企業がコンプライアンスを強化する必要性は、近年急速に高まっています。その背景には、以下の社会における変化があると考えられます。

SNSの発展による情報流通速度の加速化

コンプライアンスの重要性を語るに当たって、「SNSの発展」を無視することはできません。SNSは、企業にとって広報の面から非常に有用である反面、悪評もあっという間に広まってしまう諸刃の剣です。もし企業においてコンプライアンス違反が発生し、その内容が社内に知れ渡ると、瞬く間にSNSを通じて拡散されてしまう可能性が高いでしょう。
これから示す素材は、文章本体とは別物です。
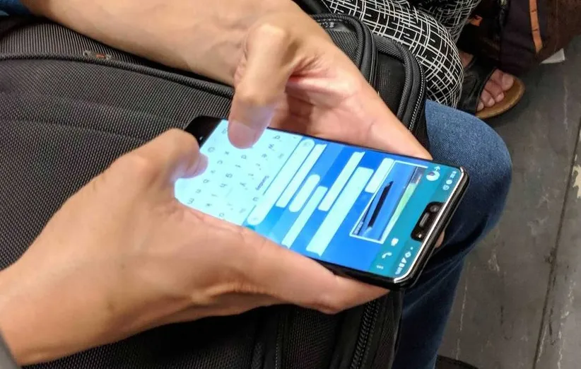 با توجه به عکس اول، مشخصا شخص مورد نظر را در حال استفاده از پیکسل 3 در اپلیکیشن واتساپ نشان میدهد. به همین ترتیب میتوان دید که ناحیه اطراف بریدگی، با رنگ تیرهتری در اپلیکیشن واتس اپ نمایش داده شدهاند. در پایین عکس نیز ترکیب نوار ژستهای حرکتی اندروید پای با پس زمینه مشکی و حاشیه پایینی نمایشگر، تشخیص اندازه حاشیه پایینی نمایشگر گوشی را برای ما سخت میکند. همچنین در بریدگی بالای نمایشگر نیز شاهد دو دوربین هستیم که ممکن است این دو دوربین برای فناوری تشخیص چهره به کار برده شوند.

たとえコンプライアンス違反が「疑わしい」状態にとどまる場合でも、信ぴょう性が確認されないままに拡散されてしまう傾向にあります。もしコンプライアンス違反がSNSで拡散された場合、企業のブランドイメージに与える影響は甚大です。

そのため、企業は日頃からコンプライアンスを強化し、「李下に冠を正さず」の精神でクリーンな経営を心掛けなければなりません。

大衆扇動的なメディアの報道

企業が犯したコンプライアンス違反の内容によっては、メディアによる報道の対象となり得ます。特に近年のテレビメディアは、物事の一面ばかりに注目して、大衆扇動的な報道を行う傾向にあります。

テレビ視聴者である一般市民は、大衆扇動的な報道を目にして企業に対するイメージを悪化させてしまう可能性があるでしょう。テレビメディアの影響力によって、コンプライアンス違反による悪いイメージが世間に拡散されてしまうことがないように、違反の種をあらかじめ摘んでおく必要があります

社会全体の不寛容化

上記のSNSやメディアによる影響もあって、近年では社会全体として、他人の失敗を袋叩きにする傾向が顕著になっています。重大なコンプライアンス違反であれば、社会からの批判を受けるのも仕方がありません。

しかし些細なコンプライアンス違反であっても、予想以上にインターネット上で炎上し、企業のブランドイメージを失墜させてしまう可能性があります。メディアというツールを通して尖鋭化した社会の目線を、企業は意識しないわけにはいきません。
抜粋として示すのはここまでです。